Im Innenhof der Burg befindet sich ein Denkmal, das einem merkwürdig bekannt vorkommt: Tatsächlich, es ist Goethe. Unser aller deutscher Johann Wolfgang von. Göhte. Und dann kommt man einer Anekdote auf die Spur, die um ein Haar die deutsche Kulturgeschichte umgekrempelt hätte.
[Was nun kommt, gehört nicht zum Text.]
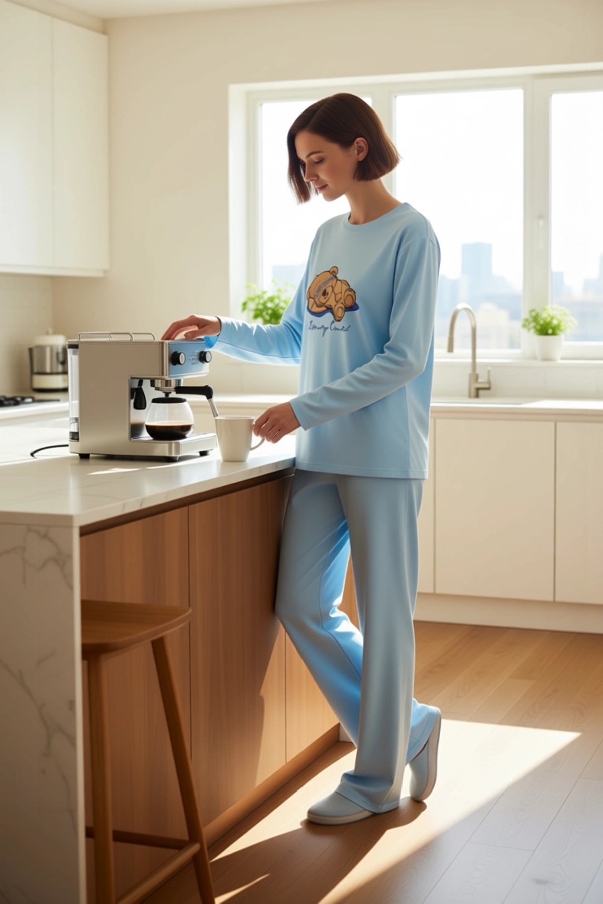 Rahat Kadın Ayıcık Temalı Pijama Takımı Fonksiyonel Dayanıklı Kaliteli Konforlu Estetik Şık
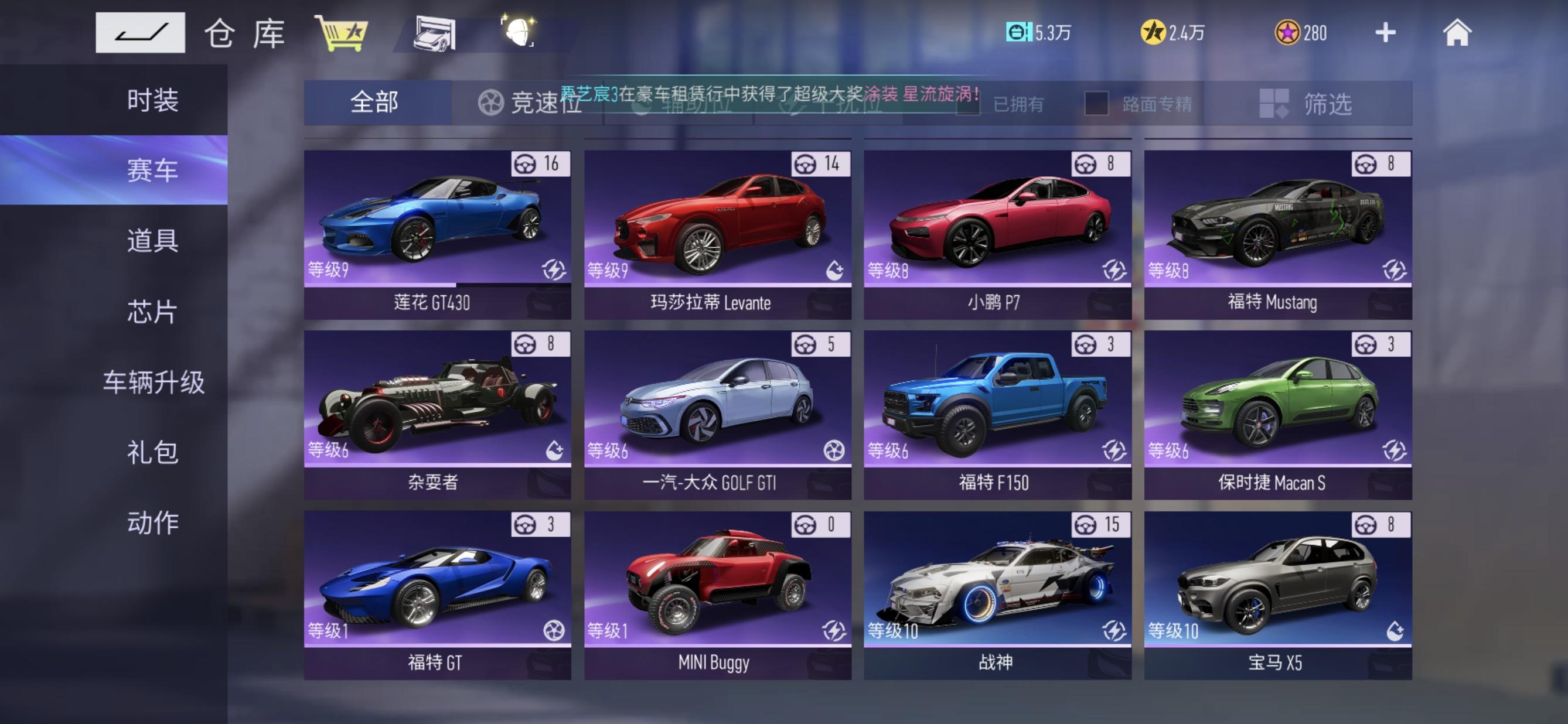 莲花够了,红玛莎差2个满级,杂耍者、保时捷、Mustang、F150差1个到9级,高尔夫、小鹏差2个到9级

1786 war Goethe mit knapp 37 Jahren in das geraten, was man heute Midlife-Crisis nennen würde und er tat das, was in persönlichen Krisen immer eine gute Idee ist: Er verkrümelte sich für längere Zeit nach Italien. Er machte Rom unsicher und geisterte auch sonst kreuz und quer durch das Land, wodurch er auch nach Malcesine gelangte. Und da es zu seiner Sinnkrise gehörte, dass er sich auch nicht völlig im Klaren war, ob er nun Dichterfürst oder doch lieber Malergenie sein wolle, zeichnete er eben auch, unter anderem die Scaligerburg.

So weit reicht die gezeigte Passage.